(Records excerpted from a collection)
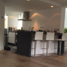 Het plafond is ten behoeve van de verlichting verlaagd en geeft de ruimte van keuken met bar aan.
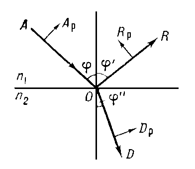 Расщепление падающего на границу двух диэлектрических сред луча света А на преломленный луч D и отраженный R. Для простоты показана ориентация только p-составляющих этих лучей, поляризованных параллельно плоскости падения.
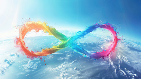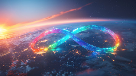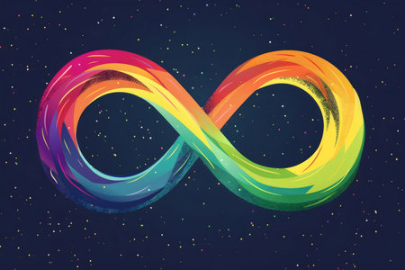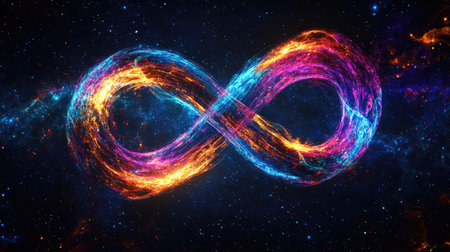 A vibrant rainbow infinity symbol set against a backdrop of stars. An abstract representation of eternity.
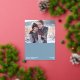 Bring joyful wishes to your friends and family this holiday season with this beautiful, bold vertical photo silver foil Christmas postcard. Simple cursive script over a pretty slate blue background underneath your family photograph. Chic, modern holiday postcards with a picture of your family.
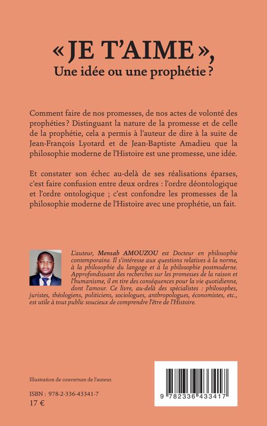 Comment faire de nos promesses, de nos actes de volonté des prophéties ? Distinguant la nature de la promesse et de celle de la prophétie, cela a permis à l'auteur de dire à la suite de Jean-François Lyotard et de Jean-Baptiste Amadieu que la philosophie moderne de l'Histoire est une promesse, une idée. Et constater son échec au-delà de ses réalisations éparses, c'est faire confusion entre deux ordres l'ordre déontologique et l'ordre ontologique; c'est confondre les promesses de la philosophie moderne de l'Histoire avec une prophétie, un fait.
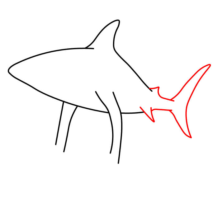 Na zadní části nakreslete velkou ocasní ploutev ve tvaru půlměsíce. Těsně před ocasem přidejte dvě malé ostré ploutve – jednu nahoře a jednu dole.
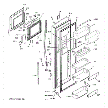 The Door Bin is an OEM part for GE refrigerators. It is a convenient storage compartment located on the interior of the refrigerator door, designed to hold and organize smaller items such as condiments, jars, or beverages.
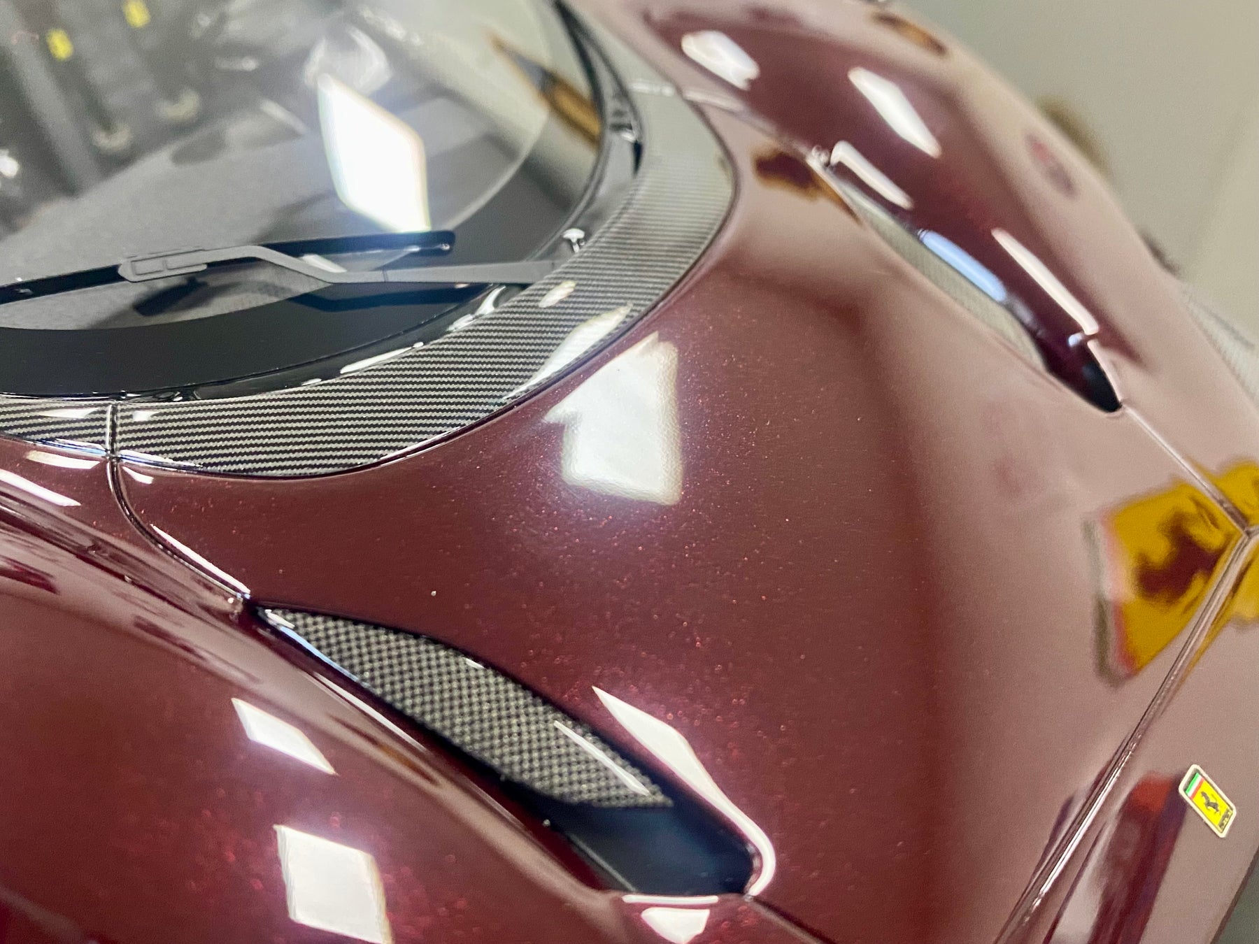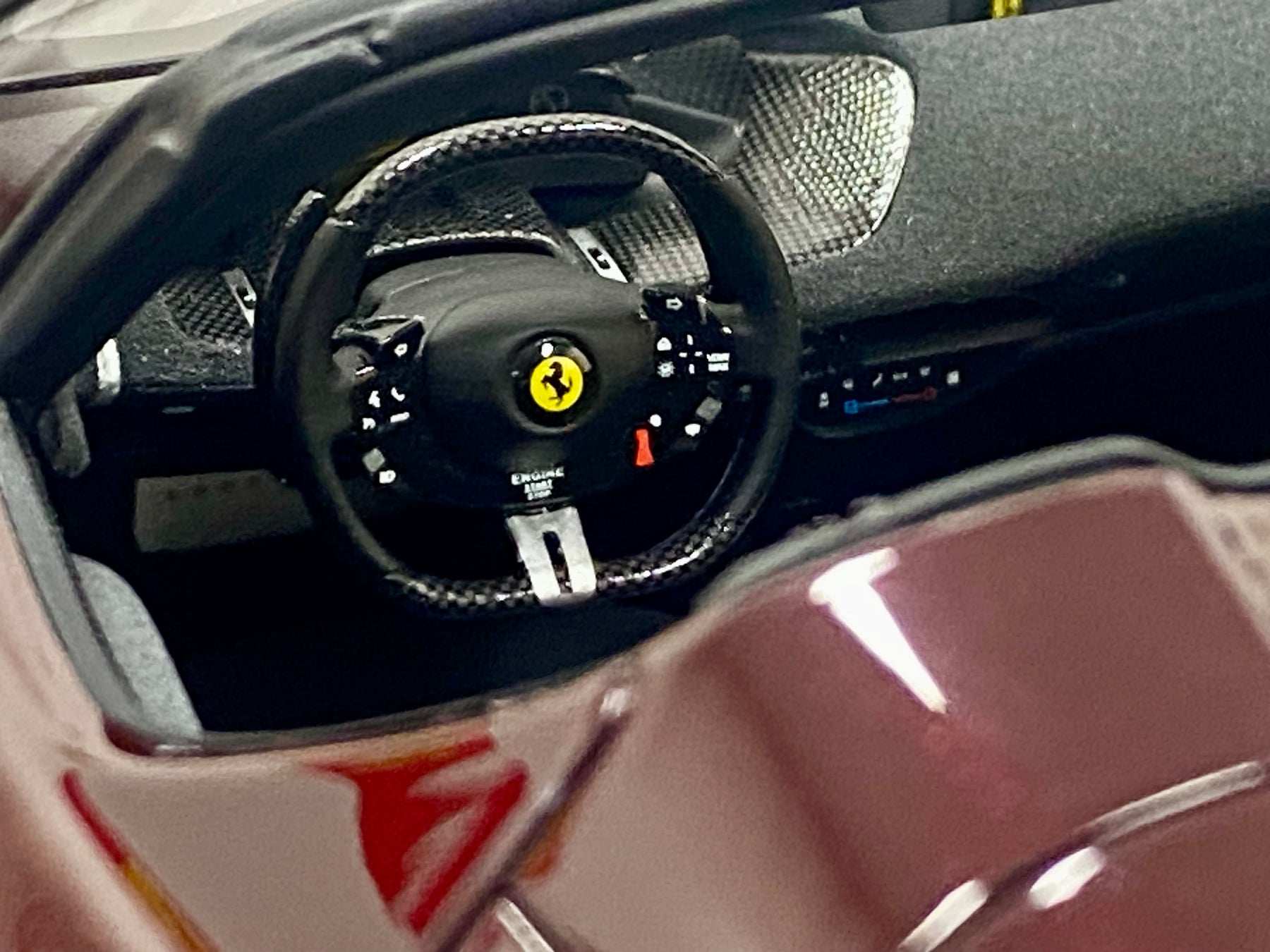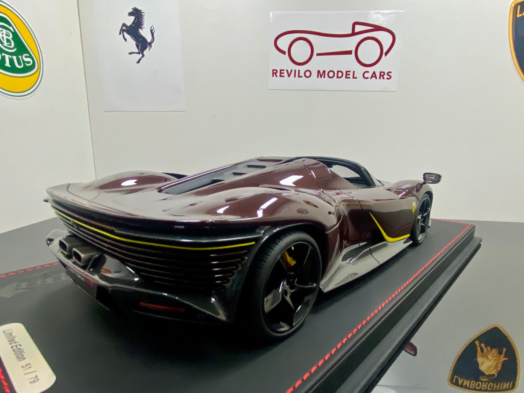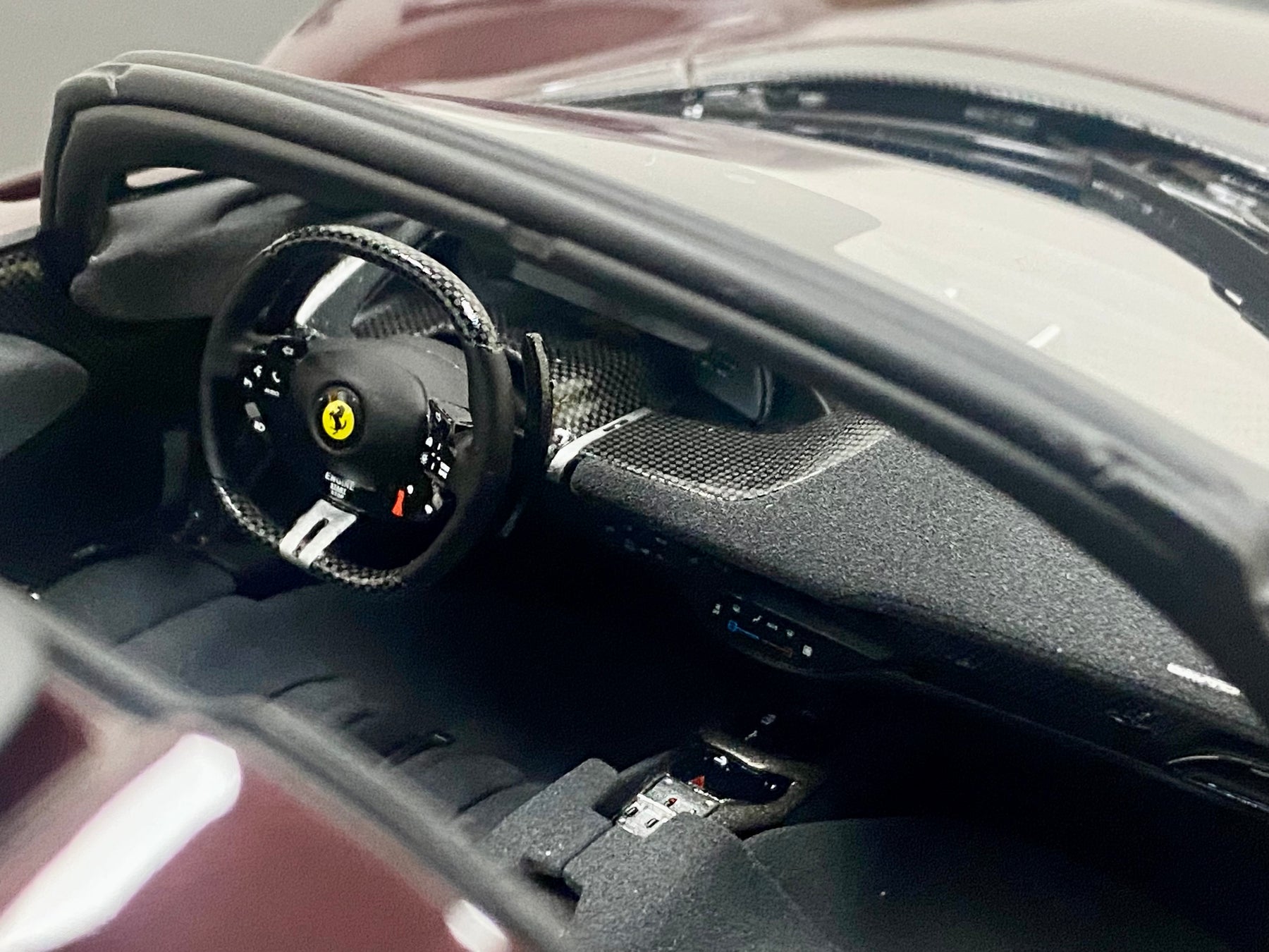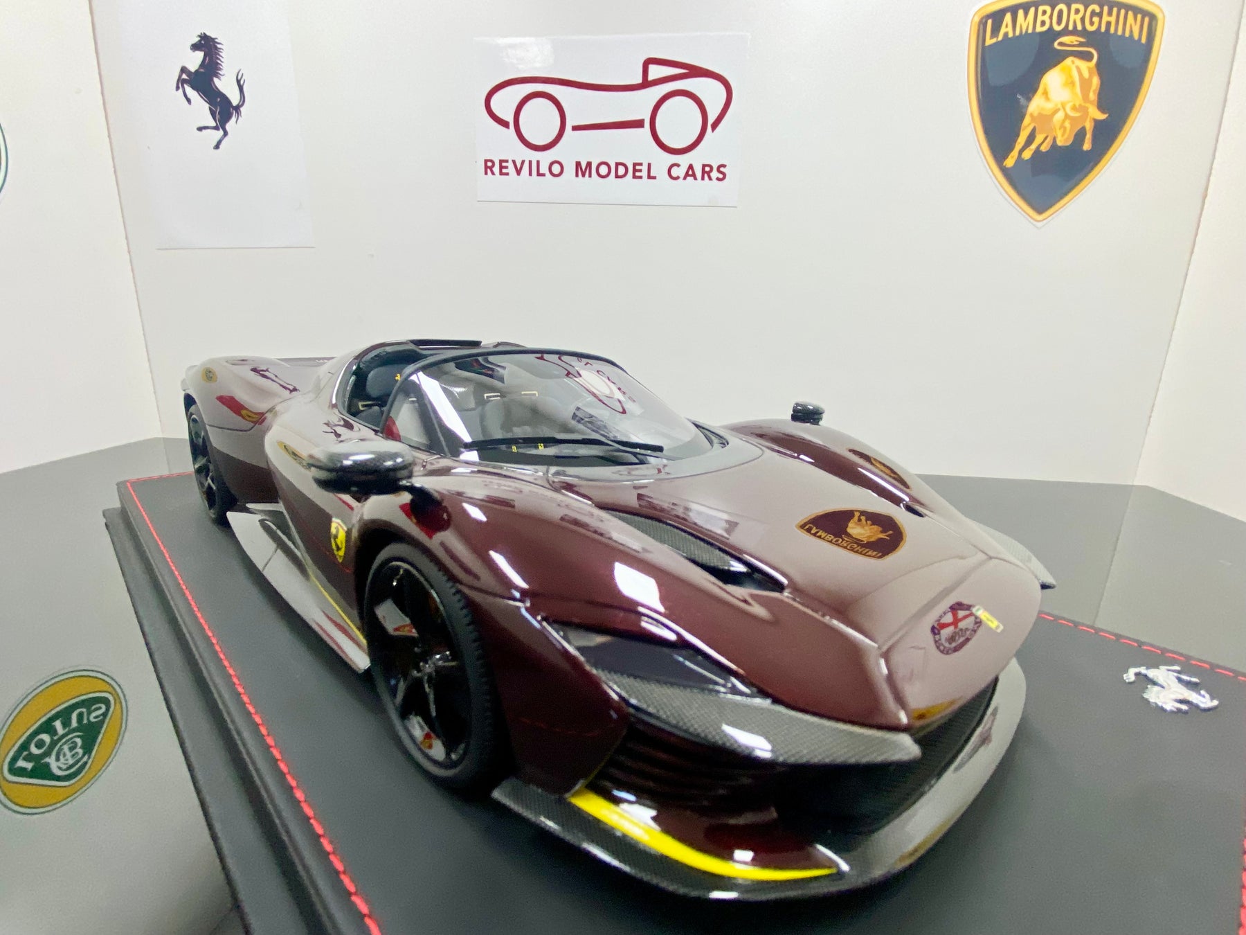 Limited Edition BBR 1:18 scale Ferrari Daytona SP3 Icona Series, only 79 models worldwide. In the rare colour Ruby Red with yellow accents, black interior, harnesses, black wheels, yellow calipers, Scuderia Shields

→ Aim of the exercise:
Above are some records; quote exactly and only the lines that begin at the line containing "Расщепление падающего на" and stop after the line containing "Comment faire de", leaving out the pictures.

→ Task answer:
 Расщепление падающего на границу двух диэлектрических сред луча света А на преломленный луч D и отраженный R. Для простоты показана ориентация только p-составляющих этих лучей, поляризованных параллельно плоскости падения.
 A vibrant rainbow infinity symbol set against a backdrop of stars. An abstract representation of eternity.
 Bring joyful wishes to your friends and family this holiday season with this beautiful, bold vertical photo silver foil Christmas postcard. Simple cursive script over a pretty slate blue background underneath your family photograph. Chic, modern holiday postcards with a picture of your family.
 Comment faire de nos promesses, de nos actes de volonté des prophéties ? Distinguant la nature de la promesse et de celle de la prophétie, cela a permis à l'auteur de dire à la suite de Jean-François Lyotard et de Jean-Baptiste Amadieu que la philosophie moderne de l'Histoire est une promesse, une idée. Et constater son échec au-delà de ses réalisations éparses, c'est faire confusion entre deux ordres l'ordre déontologique et l'ordre ontologique; c'est confondre les promesses de la philosophie moderne de l'Histoire avec une prophétie, un fait.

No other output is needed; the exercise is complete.